» GIVEN DATA

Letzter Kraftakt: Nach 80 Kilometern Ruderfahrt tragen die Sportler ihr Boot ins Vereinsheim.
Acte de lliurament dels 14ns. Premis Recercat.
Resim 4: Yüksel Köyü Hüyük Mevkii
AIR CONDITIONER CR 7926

==

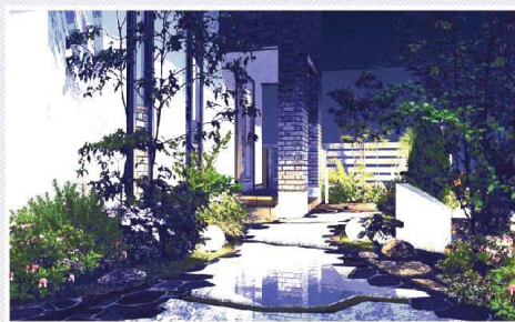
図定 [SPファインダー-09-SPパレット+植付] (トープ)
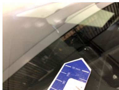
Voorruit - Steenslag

* * *

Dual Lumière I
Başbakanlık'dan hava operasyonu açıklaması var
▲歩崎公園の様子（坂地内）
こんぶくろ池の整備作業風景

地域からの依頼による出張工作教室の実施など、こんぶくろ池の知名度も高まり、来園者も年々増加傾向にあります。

» WHAT TO DO
For the lines above, output exactly those from the line containing "Letzter Kraftakt: Nach" through the line containing "AIR CONDITIONER CR 7926", and skip the others.

» WORKED SOLUTION
Letzter Kraftakt: Nach 80 Kilometern Ruderfahrt tragen die Sportler ihr Boot ins Vereinsheim.
Acte de lliurament dels 14ns. Premis Recercat.
Resim 4: Yüksel Köyü Hüyük Mevkii
AIR CONDITIONER CR 7926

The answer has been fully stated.